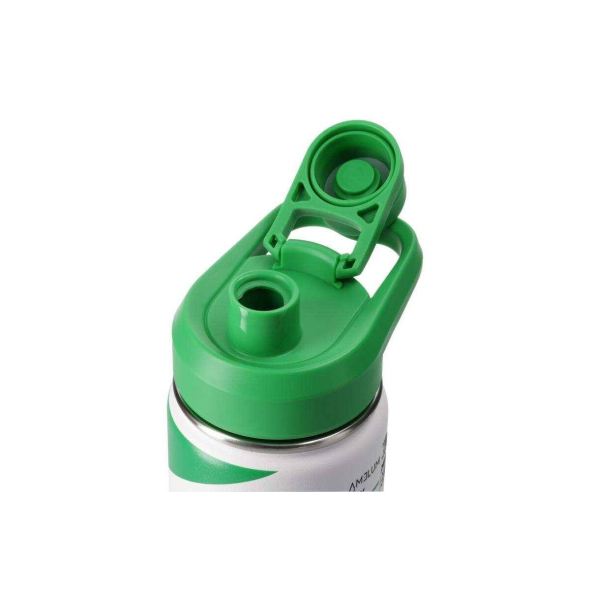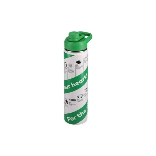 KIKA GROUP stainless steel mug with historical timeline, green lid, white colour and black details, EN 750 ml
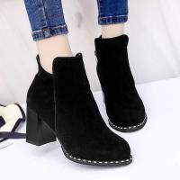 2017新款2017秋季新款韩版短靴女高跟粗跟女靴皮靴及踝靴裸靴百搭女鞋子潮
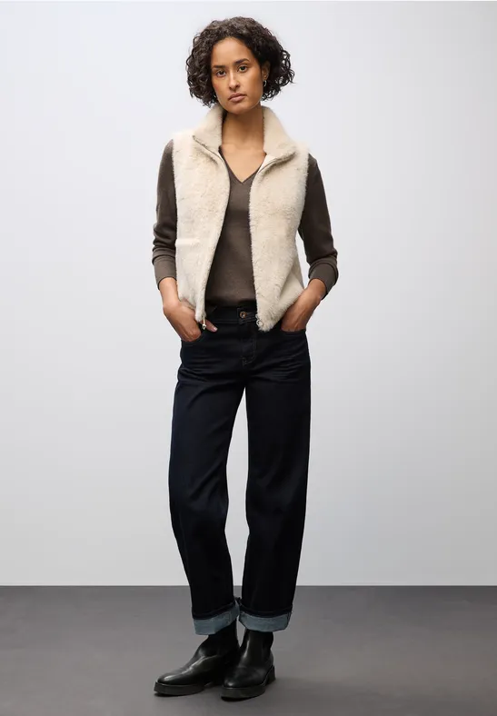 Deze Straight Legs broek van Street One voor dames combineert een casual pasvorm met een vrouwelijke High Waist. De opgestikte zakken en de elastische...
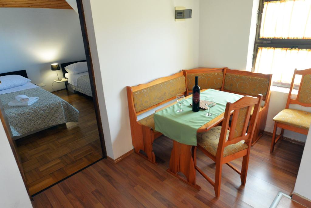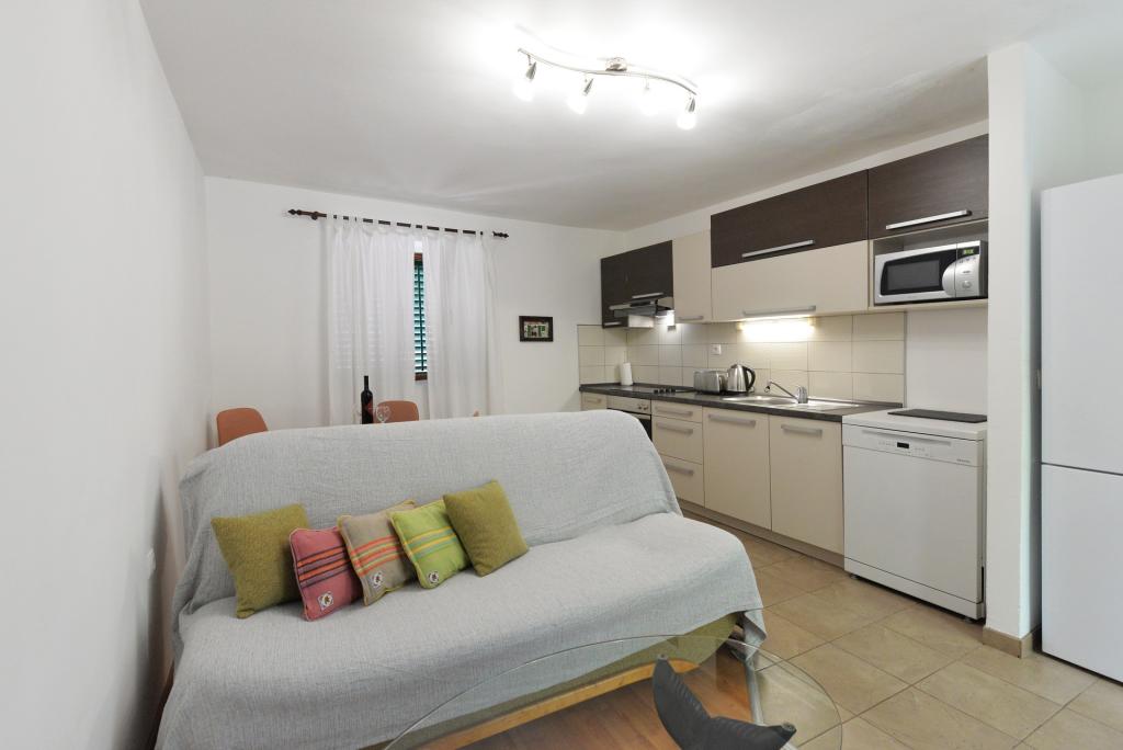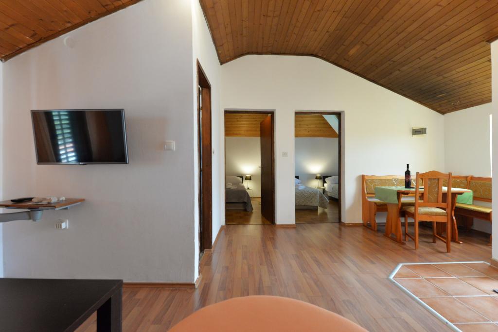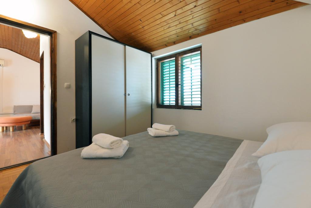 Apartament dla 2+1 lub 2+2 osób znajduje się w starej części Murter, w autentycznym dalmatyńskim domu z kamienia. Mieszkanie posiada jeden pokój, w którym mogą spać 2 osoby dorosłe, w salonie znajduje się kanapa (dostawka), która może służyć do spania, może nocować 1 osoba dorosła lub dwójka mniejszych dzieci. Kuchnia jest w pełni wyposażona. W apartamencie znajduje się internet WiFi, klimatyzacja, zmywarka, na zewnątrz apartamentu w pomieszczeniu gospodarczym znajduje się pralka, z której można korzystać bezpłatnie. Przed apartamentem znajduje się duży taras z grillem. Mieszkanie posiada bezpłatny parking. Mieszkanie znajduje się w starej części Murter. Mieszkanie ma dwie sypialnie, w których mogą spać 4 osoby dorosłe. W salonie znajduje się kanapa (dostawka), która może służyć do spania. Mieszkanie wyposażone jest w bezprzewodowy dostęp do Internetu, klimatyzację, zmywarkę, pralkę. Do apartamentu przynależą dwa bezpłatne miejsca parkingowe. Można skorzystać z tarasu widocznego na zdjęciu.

════════════════

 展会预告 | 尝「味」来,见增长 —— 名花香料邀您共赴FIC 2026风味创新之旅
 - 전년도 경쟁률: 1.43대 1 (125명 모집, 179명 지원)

════════════════

# WHAT YOU ARE ASKED TO DO
An exact transcription is needed of the lines from the one with "KIKA GROUP stainless" to the one with "Deze Straight Legs" above, both ends included, with pictures left out.

# SOLUTION TO THIS TASK
 KIKA GROUP stainless steel mug with historical timeline, green lid, white colour and black details, EN 750 ml
 2017新款2017秋季新款韩版短靴女高跟粗跟女靴皮靴及踝靴裸靴百搭女鞋子潮
 Deze Straight Legs broek van Street One voor dames combineert een casual pasvorm met een vrouwelijke High Waist. De opgestikte zakken en de elastische...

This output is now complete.